The app store restrictions include sandboxing and code signing strict “laws”. One of which is all executable programs must exist in only one directory in the app, Contents/MacOS. They must be correctly signed and they cannot invoke much outside of their own programs except the most basic parts of unix/posix (ls or sed and so on).

One small exception is our build engine is an XPC service, which is a bundle in Contents/XPCServices/BuildEngine.xpc. This has the same restriction again, so its own tools/binaries must exist only in its own Contents/MacOS.

Now comes the "fun" part. our BuildEngine/Contents/MacOS contains our AVR compiler binaries, our swift-frontend, swift-driver, swift and other tools such as avrdude for uploading the hex.

Sandbox restrictions won't let us run the swift compiler or swiftpm tools from Xcode inside a sandboxed app. So we'd have to install a full swift and swiftpm toolchain somewhere in our IDE bundle to get around that.
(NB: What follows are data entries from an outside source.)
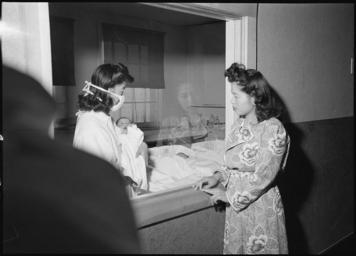 Keywords: Heart Mountain Relocation Center, Heart Mountain, Wyoming. Mrs. Mari Yoshida looks at her baby thro . . . - NARA - 539443.tif Scope and content The full caption for this photograph reads Heart Mountain Relocation Center Heart Mountain Wyoming Mrs Mari Yoshida looks at her baby through the plate glass window of the nursery as nurses aide Nobuko Hirashima returns it to its crib after feeding General notes 539443 Local identifier 210-G-G190 Department of the Interior War Relocation Authority 02/16/1944 - 06/30/1946 NARA-Author Iwasaki Hikaru 1923- Photographer 8464103 <br /> Still Picture Records Section Special Media Archives Services Division NWCS-S National Archives at College Park 8601 Adelphi Road College Park MD 20740-6001 1943-11-18 Record group Record Group 210 Records of the War Relocation Authority 1941 - 1989 Record group ARC 537 Central Photographic File of the War Relocation Authority compiled 1942 - 1945 Series ARC 536000 File unit File unit ARC Variant control numbers NAIL Control Number NWDNS-210-G-G190 yes Other versions <gallery> File Heart_Mountain_Relocation_Center _Heart_Mountain _Wyoming _Mrs _Mari_Yoshida_looks_at_her_baby_thro_ _ _ _-_NARA_-_539443 tif tif File Heart_Mountain_Relocation_Center _Heart_Mountain _Wyoming _Mrs _Mari_Yoshida_looks_at_her_baby_thro_ _ _ _-_NARA_-_539443 jpg jpg </gallery> NARA-cooperation PD-USGov Heart Mountain War Relocation Center NARA TIF images with categorized JPGs |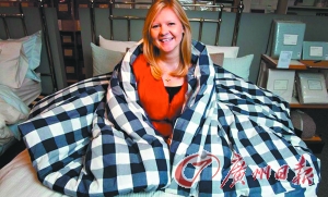 ▲一名羽絨被試睡員正在工作。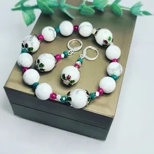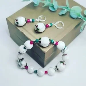 Howlite, Ruby Agate and Czech Glass bracelet and bracelet set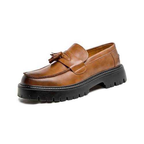 {"about_product": ["Classic business design: glossy black patent leather, with low-key tassel decoration, perfectly blending formal and casual styles, easily adapting to workplace commuting, business meetings and daily travel scenes, showing elegant taste.", "Convenient to put on and take off: built-in thick-soled platform design, invisible height increase of 3-5cm, with a slip-on lazy shoe structure, no need to tie, time-saving and labor-saving to put on and take off, taking into account comfort and practicality, no burden to walk all day.", "Anti-slip and wear-resistant sole: customized concave and convex rubber outsole, strong grip, anti-slip and wear-resistant, no fear of rainy days or smooth ground, ensuring walking safety, suitable for long-term standing or light outdoor activities.", "Detail texture: classic round-toed shoe shape accommodates foot shape, combined with retro \"Penny loafers\" elements, tassel embellishment adds exquisiteness, highlights low-key luxury, and easily enhances the overall style.", "Easy-care features: High-quality patent leather fabric is waterproof and stain-resistant, and can be refreshed with daily wipes; the breathable soft padding inside fits the shape of the foot and will not make you tired after wearing it for a long time. It is an ideal shoe for urban men who pursue quality and efficiency."], "product_description": null, "product_information": {"ASIN": "B0DY87CHXX", "Department": "mens", "Manufacturer": "ZGHNP", "Customer Reviews": "4.3 4.3 out of 5 stars \n\n (46)", "Product Warranty": "For warranty information about this product, please click here", "Best Sellers Rank": "#91,100 in Clothing, Shoes & Jewelry (See Top 100 in Clothing, Shoes & Jewelry) #215 in Men's Loafers & Slip-Ons", "Item model number": "0224nanlsx", "Package Dimensions": "3 x 2 x 1 inches; 1.6 ounces", "Date First Available": "February 24, 2025"}, "product_details": {"Closure type": "Pull-On", "Sole material": "Rubber", "Inner material": "Breathable Soft Padding", "Outer material": "Faux Leather"}}

To make swiftpm work without relying on Xcode we would have to deploy a full toolchain. But where would we put it? As stated above, the only place you can put binaries would be in BuildEngine/Contents/MacOS or you'll fail app store signing/validation (it might run in debug on your developer machine but would be blocked from the app store). So we would have to put all the swiftpm binaries and all the swift compiler parts they rely on to function (that build MacOS object files and the simple command line mini tool) in BuildEngine/Contents/MacOS too!

BUT.. we already have a swift compiler in there, the one we use for the actual AVR platform itself. We cannot have two compiler binaries named exactly the same name in the same directory! We can’t have two swift-driver(s) and two swift-fronted(s) one for AVR and one for Mac both in the same /MacOS folder.

So we are really stuck here.

The Solution

The solution is to work with Apple to get the mainstream compiler properly working for AVR. It's a lot of work but will bring a lot of benefits and is "the right thing to do" in the end.

Hack

One hack I have thought of, that I don't fancy doing, is to make yet another XPC service, just for containing swiftpm! Then that XPC will have its own separate Contents/MacOS folder, separate from the one in the BuildEngine XPC. I'm not sure this would work as it would have to share some runtime sandbox folders with the IDE and the XPC build service so they can work on the same build files/folders, which I think is possible with shared group containers. But it's going to be tricky even if it does work.. the build engine will have to pause and hand over steps in the build process to this XPC service, which will be a bit nightmarish. I'm not even sure if an XPC service can invoke another XPC service? Or would it be some horror like the build service sending a message back to the IDE which then triggered the packaging build service... ugh...

Anyway, the above is all pretty complicated but hopefully it explains why I'm stuck with swiftpm on the app store.